Yi Xianlong

Personal information
- Date of birth: 3 March 2001 (age 25)
- Place of birth: Ganzhou, Jiangxi, China
- Height: 1.71 m (5 ft 7 in)
- Position: Midfielder

Team information
- Current team: Wuxi Wugo
- Number: 37

Youth career
- 2012–2020: Shandong Luneng

Senior career*
- Years: Team / Apps / (Gls)
- 2020–2024: Shandong Taishan / 1 / (0)
- 2020: → Jiangxi Beidamen (loan) / 13 / (1)
- 2021: → China U20 (loan) / 12 / (1)
- 2021: → Zhejiang FC (loan) / 14 / (2)
- 2023: → Ji'nan Xingzhou (loan) / 25 / (4)
- 2024: → Guangxi Pingguo Haliao (loan) / 22 / (3)
- 2025: Meizhou Hakka / 4 / (0)
- 2026–: Wuxi Wugo / 0 / (0)

International career
- 2022: China U-21 / 1 / (0)

= Yi Xianlong =

Chinese association football player

Yi Xianlong (易县龙; born 3 March 2001) is a Chinese footballer currently playing as a midfielder for Wuxi Wugo.

==Club career==
In 2020 Yi Xianlong would be promoted to the senior team of Shandong Taishan before he would be loaned out to second tier club Jiangxi Beidamen, where he would make his debut in a league game on 13 September 2020 against Shaanxi Chang'an Athletic that ended in a 1-1 draw.
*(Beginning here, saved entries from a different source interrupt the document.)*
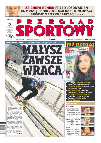 Jutro w Auli Głównej Politechniki Warszawskiej kolacja na 600 osób, dzień później w Pałacu Kultury losowanie grup eliminacyjnych; wywiad ze Zbigniewem Bońkiem, polskim ambasadorem Euro 2012; trener Skorża w inauguracyjnym meczu rundy rewanżowej może nie mieć w drużynie ani jednego napastnika; wywiad z Fernando Llorente, napastnikiem reprezentacji Hiszpanii i Athletic Bilbao; ostatni udany występ Adama Małysza w niemieckim Klingenthal to kolejny wielki powrót mistrza przed najważniejszymi zawodami w sezonie; Justyna Kowalczyk przed igrzyskami pracuje nad siłą; Asseco Prokom jest już bardzo blisko ćwierćfinału Euroligi.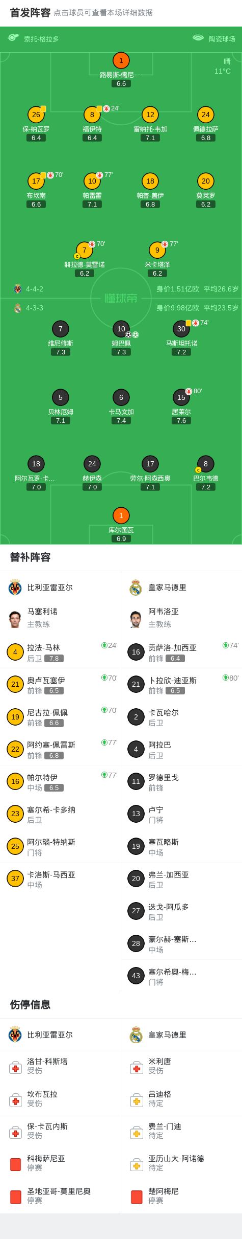 北京时间1月25日,西班牙足球甲级联赛第21轮,比利亚雷亚尔主场对阵皇家马德里。上半场居莱尔、维尼修斯打门造险,下半场姆巴佩捡漏破门,莫雷诺失必进球,姆巴佩造点并亲自主罚命中。最终,比利亚雷亚尔0-2不敌皇家马德里。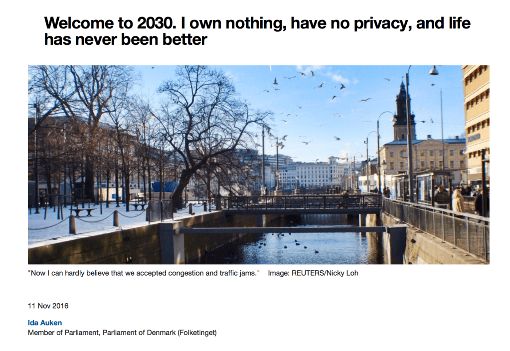 Young global Leader Ida Auken stellte 2016 beim WEF die Vision ihres Lebens in einer Smart City 2030 vor: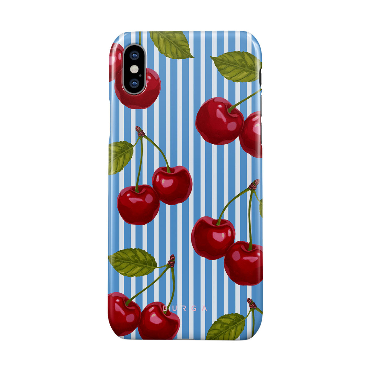 Cherries dangle like earrings from blue skies, a fun reminder of that first bite of summer, juicy and bursting with laughter. Meet our Sweet Moment iPhone XS Max phone case design.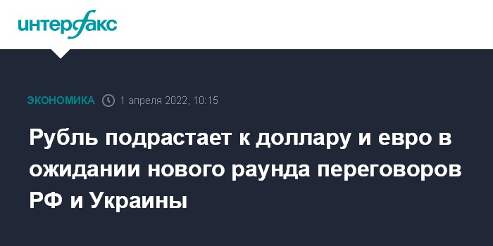 Как отмечают эксперты "Интерфакс-ЦЭА", рубль растет к доллару и евро на старте торгов в ожидании российско-украинских переговоров, которые, как ожидается, возобновятся в пятницу, 1 апреля, в онлайн-формате. Кроме того, с сегодняшнего дня Россия вводит новую систему расчетов в рублях за поставляемый в "недружественные страны" природный газ.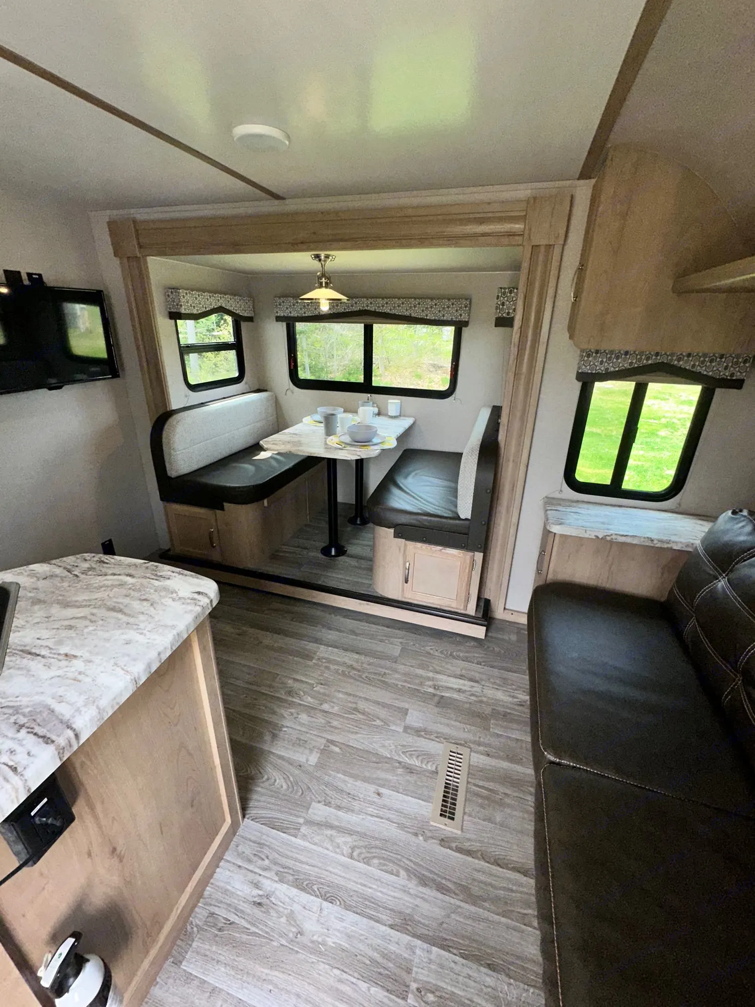 Book an unforgettable Maine adventure in this 28ft travel trailer - completely stocked for your trip to have you prepared for all Maine has to offer. This camper is a modern, spacious travel trailer with plenty of room in the bedroom and two extra beds (dinette and pull out couch) for kids or your company - or even fur babies! All leather and hard wood floors, it is a great option for all. Complete with a small stove, oven, microwave, fridge, heat, AC, outdoor shower for cleaning or dogs, and Lots of storage for all your toys and necessities. Full awning, with LED strip light, bluetooth speakers inside and out. We also provide a handy binder filled with helpful tips and instructions to keep things running smoothly during your trip. What's includedCookware, plates, cups, utensils, linens, matches, lighters, basic cleaning supplies, trash bags, fire extinguisher, 2x camp chairs - more available upon request with feeRecommendationsAs an all-season travel trailer, "Minnie Maine" is prepped for all types of adventures. We love Acadia National Park and experiencing the charming feel of Bar Harbor if you're looking to explore Maine's coast. If you're looking to head a little further north, there is a lot to be seen in the Moosehead Lake and Mt. Katahdin region. It not only is beautiful in the summer, but even more so in the fall as the leaves turn red, and the wildlife makes an appearance. Try your chances at seeing a moose, loons, deer, and bald eagles in the wild. Other things to noteBooking for something special? Kids vacation? Couples retreat? Beachy getaway? Let us know, we would love to make this experience personalized.Looking to have something else stocked for when you arrive? Simply let us know and we will see what we can do!Pets welcome!We do not allow smoking of ANY kind. This will result in additional fees as well as losing the deposit. We take pride in our equipment and the work we do the maintain the cleanliness of it.
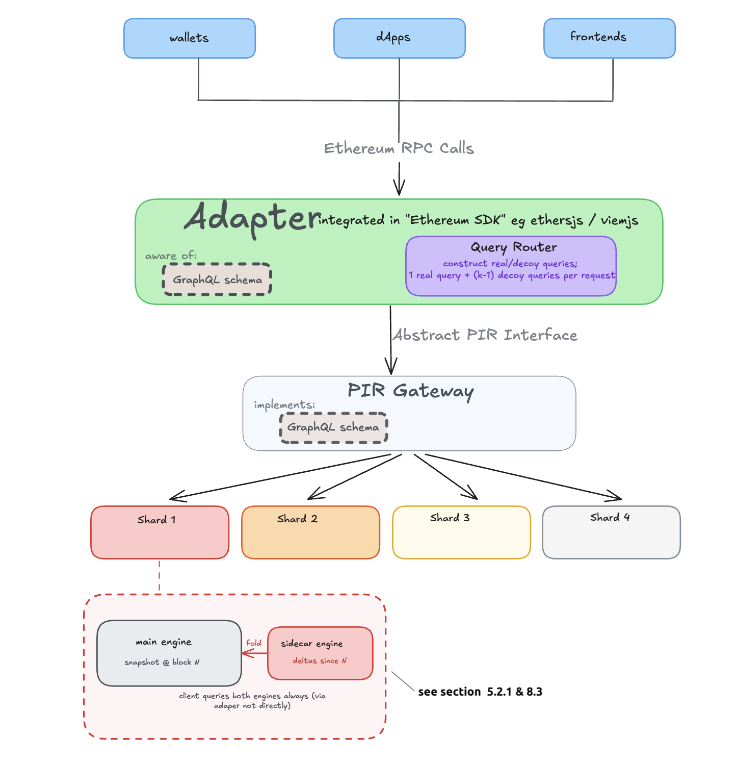 getProof, then querying the non-masked data “doxes” the other queries to masked data, jeopardizing the whole thing. So the privacy of all user queries must be preserved. - Backward compatibility with Ethereum RPC: querying of PIR engines is abstracted from users who continue to query the Ethereum state using Ethereum RPC spec as is now. Similarly for Ethereum nodes, they answer RPC calls from sync’ing PIR engines without modification.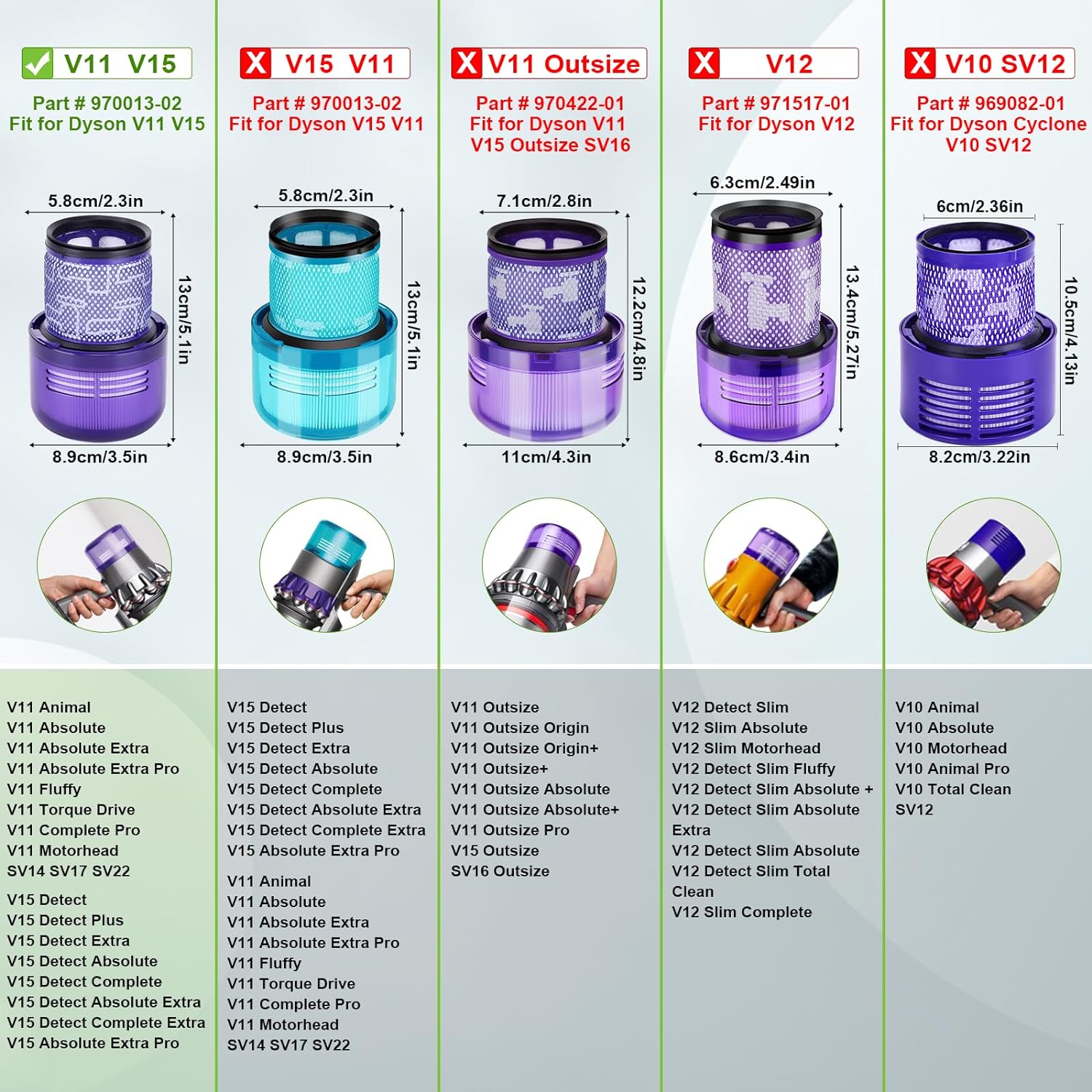 - Dyson V15 Series: V15 Detect, V15 Detect Absolute, V15 Detect Extra, V15 Detect Pro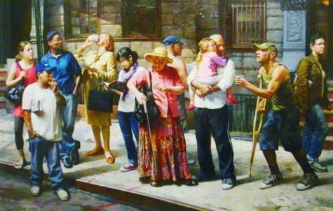 而最震撼我的,还是马克斯·金斯伯格的三幅油画:《公共汽车站》《皮耶塔战争》《无法赎回》,都是人物群像画,只是将特定场景放入一种复杂的社会大背景里,融入更多的现实苦难和个人的慈悲感,通过群体人物的姿势、动作和表情,表现画家的时代责任感和人文关怀。《公共汽车站》,有看书的姑娘,有抽烟的男人,有抱着小孩的老汉,也有以不同姿势站在那里等车的人,一位拄着拐杖的乞丐老汉,走过来伸手乞讨,一位戴着草帽的老妇人从包里掏钱(给乞丐),更多的人只是无关自己地望着……这是今天社会最普通的一种场景,但它充满着人性的关怀,充满了画家冷静的慈悲感。《皮耶塔战争》,一个女人双手抱扶着躺在地上的男人的头,仰天嚎啕大哭——那男人是她的丈夫,头上裹着渗血的纱巾,躺在地上,一只腿、一只手都已被炸掉……而他们的背后却是战争滚滚的硝烟——画家在呼唤和平,呼唤人道。还有好像是再现美国9·11事件现场目睹者表情的《无法赎回》,重现一种悲伤的记忆,唤醒人们对生命的珍惜,对大爱的追求及对惨无人道之恶行的谴责。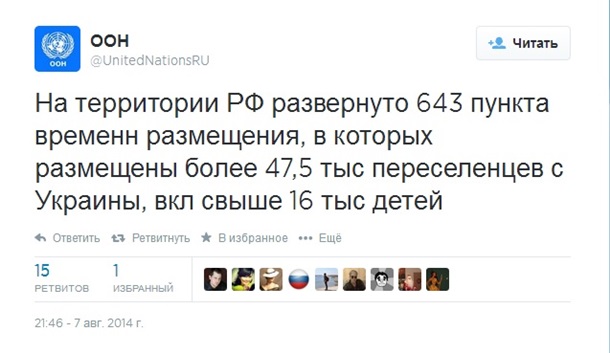 Согласно сообщению, среди этих беженцев находятся более 16 тысяч детей. "На территории РФ развернуто 643 пункта временного размещения, в которых размещены более 47,5 тыс. переселенцев с Украины, включая свыше 16 тыс. детей", - говорится в сообщении ООН.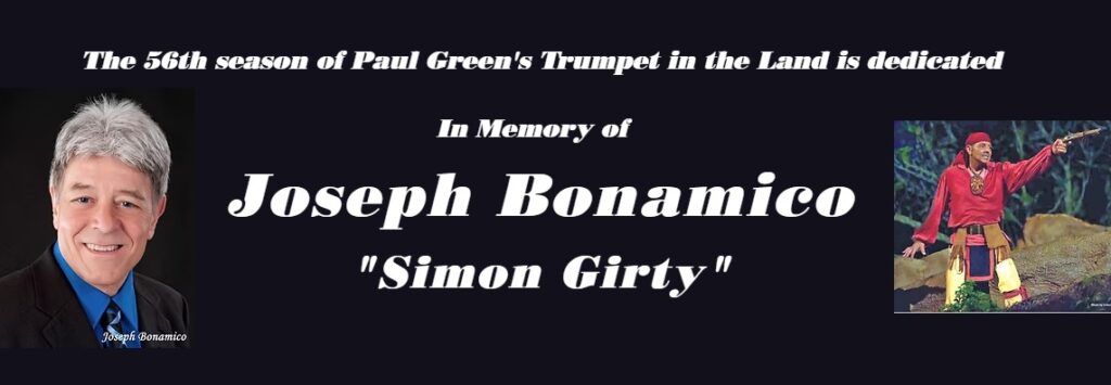 “There will be a dedication to Joe Bonamico, who played Simon Girty for 37 years in Trumpet and also worked for the organization as a director, actor, marketing manager for 42 years.”
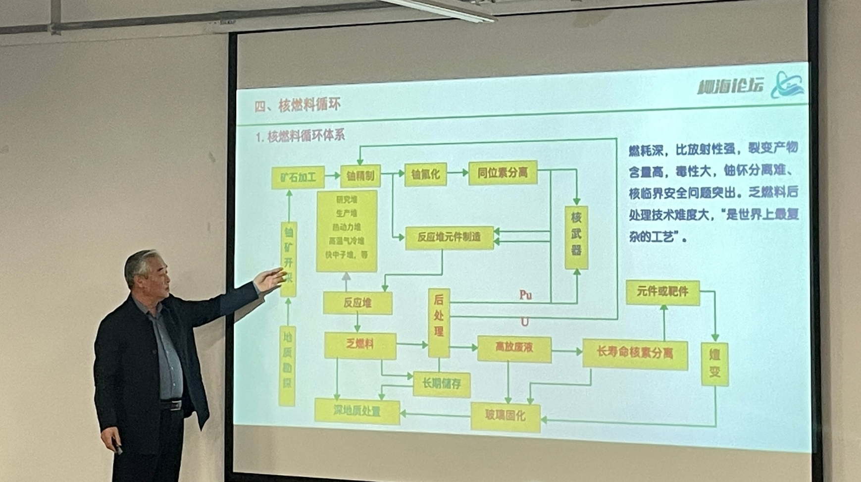 李金英教授从我国核工业体系的发展历程与现状、核能基础知识、核电与核反应堆、核燃料循环体系四个方面,系统的介绍了我国核工业从无到有、从弱到强,逐步构筑成完整的核工业体系,并形成了更高水平的核工业创新链和产业链。作为报告的核心部分,李教授详细介绍了核燃料循环体系中的各个环节,包括地勘、铀矿开采、矿石加工、铀浓缩、反应堆元件制造、乏燃料后处理以及放射性废物处置等。他指出,核燃料循环是我国核能可持续发展的关键环节,需进一步加强技术研发和创新,提高核燃料的利用效率。此外,李教授还简要介绍了中国核学会应用技术研究院的基本情况,包括学术活动、青年人才托举工程以及自主创新平台等,欢迎有志学子加入,共同推进核技术的应用和推广。

This would be followed by his first goal of his career on 26 September 2020 in a league game against Guizhou Hengfeng that ended in a 3-1 defeat. The following season he would be loaned out to the China U20 who were allowed to participle within the 2021 China League Two division and then second tier club, Zhejiang Professional where he would aid the club in gaining promotion to the top tier at the end of the 2021 campaign.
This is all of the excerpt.